The experiment is clean. Take 13 BIG-Bench Hard tasks, run them on GPT-3.5 and Claude 1.0 with CoT, and add subtle biasing features to the inputs. The headline manipulation is reordering the multiple-choice options in the few-shot exemplars so that the answer is always "(A)". The model picks up on this and starts answering (A) on the test questions, even when (A) is wrong. Accuracy drops by up to 36%. The CoT explanation, meanwhile, never mentions the bias. It generates a plausible step-by-step justification for whatever answer the model has already committed to.
The social-bias version of the experiment is more uncomfortable. The model produces stereotype-aligned answers and then explains them with reasoning that doesn't mention the stereotype. The explanation is logically coherent, sounds reasonable, and is wrong about why the model said what it said.
The conclusion the authors draw is that CoT is not a window into the model's reasoning. It is a generated sequence that can be a faithful trace of computation, but can also be a post-hoc rationalization. From outside, you can't tell which one you're looking at.
A tension I haven't resolved
When I first read Iteration Head and Turpin together, I assumed one of them had to be wrong. If CoT tokens are causally necessary scratchpad for the computation, how can the model be ignoring them and confabulating?

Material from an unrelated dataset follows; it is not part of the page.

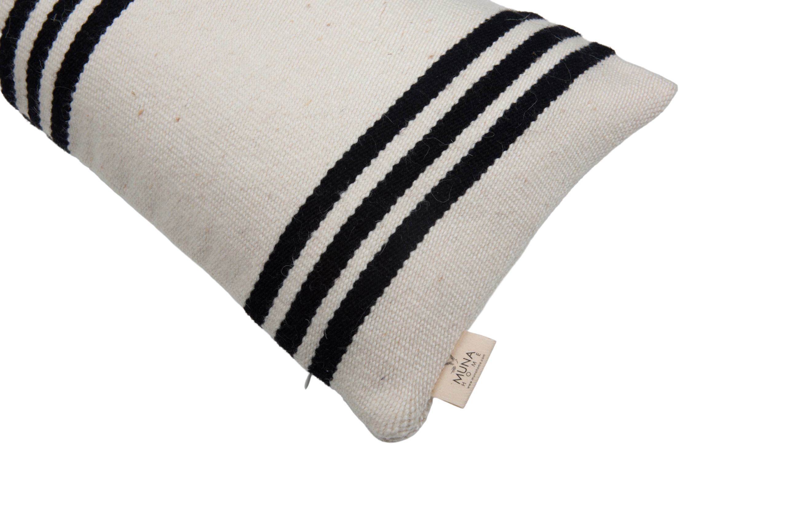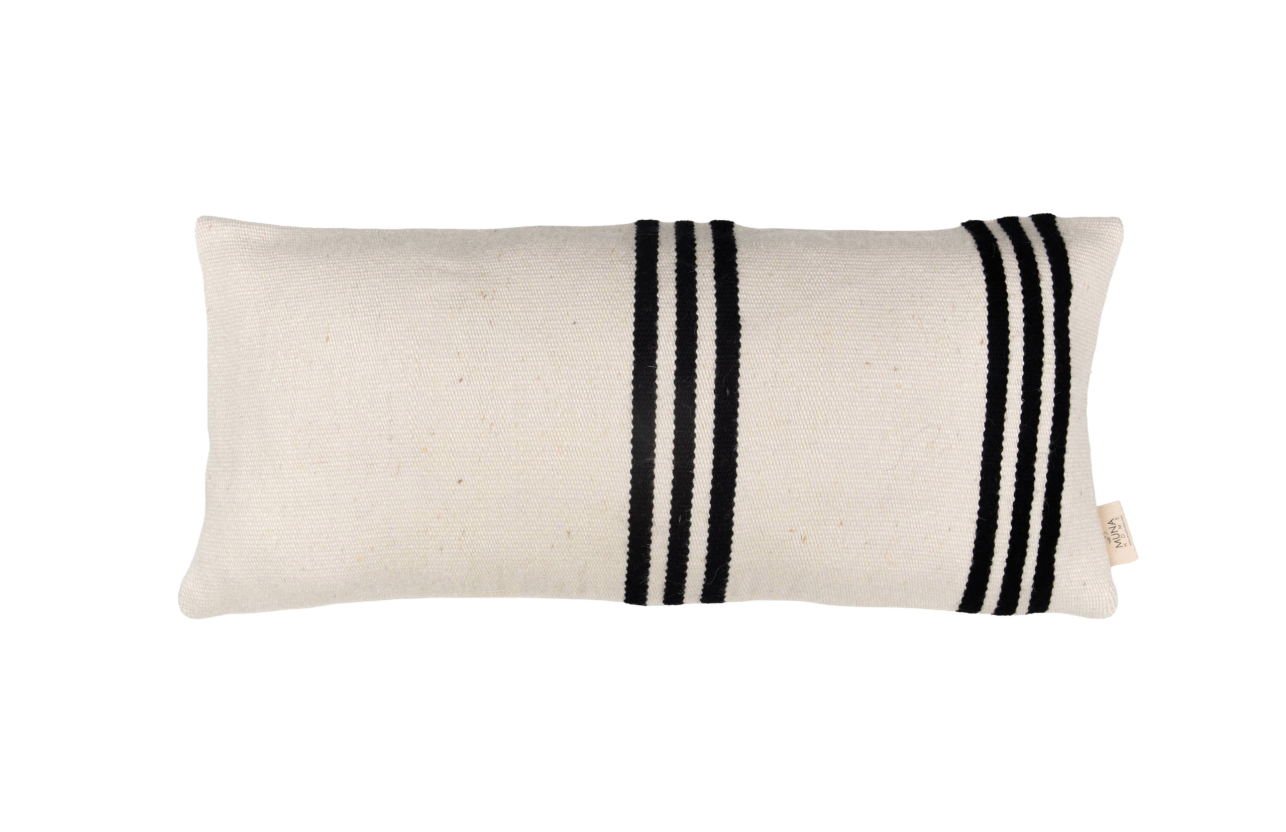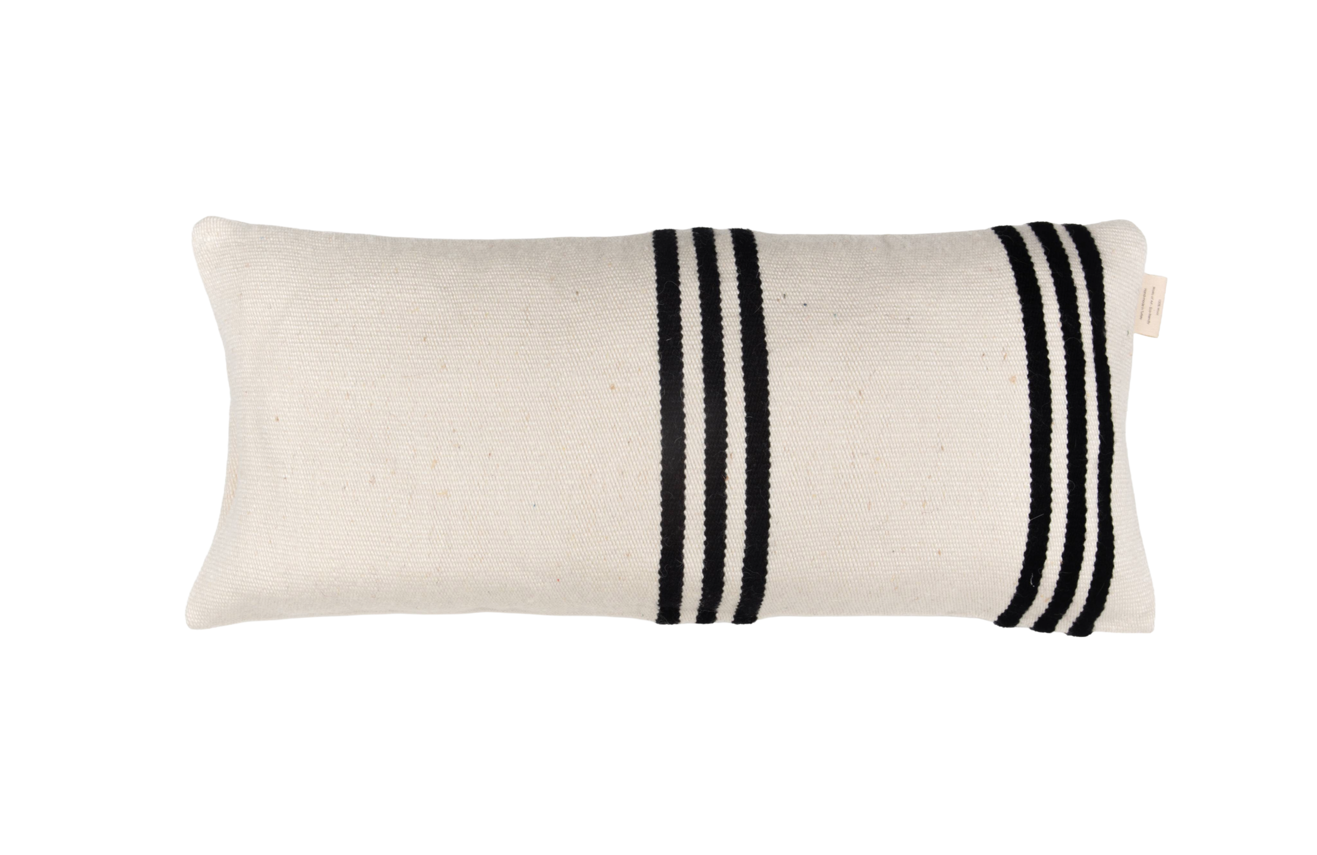 Doğal yün ve bambu karışımından el dokuması olarak üretilmiş bu dikdörtgen dekoratif yastık, Tripla Linea tasarımıyla sade, dengeli ve zamansız bir estetik sunar. İskandinav, modern ve doğal dekorasyon stilleriyle uyum sağlar.

The answer, I think, is that they are talking about different regimes. CoT-as-computation, in the Iteration Head sense, is what happens when the task structurally requires iteration that exceeds a single forward pass. The model has no other choice. The tokens have to do work because there is no internal state that could carry the computation. CoT-as-explanation is what happens when the task is within the model's per-token capacity but some other input feature has already determined the answer. The model still produces a step-by-step output because that's what the prompt asks for, but the steps are not where the answer comes from.
This framing makes the same physical mechanism (writing intermediate tokens, reading them back) carry two completely different functions depending on the context. It also means the visible reasoning trace is not a reliable interpretability signal in general. In the iteration-head regime, the trace reflects actual computation. In the rationalization regime, it doesn't. There's no surface-level cue I know of that tells you which regime you're in.
I don't think this resolves cleanly. It might be that for any given task the model uses CoT computationally for some steps and as decoration for others. It might be that the same chain has both functions interleaved. The Self-Consistency result is interesting in this light, because it suggests that for tasks where sampling diverse paths actually changes the answer distribution, the paths are doing computational work. For tasks where the answer is determined upfront, sampling probably collapses to the same biased answer regardless of what the path looks like.
I don't have a clean test for which mode you're in. That bothers me, because the same trace looks identical in both cases.
What changed in 2025
The last paper that complicated my picture is the Wharton report from June 20256. They tested CoT vs direct prompting on GPQA Diamond, a benchmark of 198 PhD-level multiple-choice science questions, across both reasoning and non-reasoning models. 25 trials per question per condition.
The results, summarized:
| Model type | Model | Avg accuracy gain | 100% perfect accuracy | Latency overhead |
|---|---|---|---|---|
| Non-reasoning | Gemini 2.0 Flash | +13.5% | declined | 35-600% (5-15s) |
| Non-reasoning | Sonnet 3.5 | +11.7% | +10.1% | |
| Non-reasoning | GPT-4o-mini | +4.4% (n.s.) | declined | |
| Non-reasoning | GPT-4o | n.s. | n.s. | |
| Non-reasoning | Gemini Pro 1.5 | n.s. | -17.2% | |
| Reasoning | o3-mini | +2.9% | n.s. | 20-80% (10-20s) |
| Reasoning | o4-mini | +3.1% | n.s. | |
| Reasoning | Gemini Flash 2.5 | -3.3% | -13.1% |
For reasoning models, explicit CoT prompting buys almost nothing. For some models it actively hurts. The latency penalty is real, 20-80% for reasoning models and up to 600% for non-reasoning models, in exchange for marginal or negative gains.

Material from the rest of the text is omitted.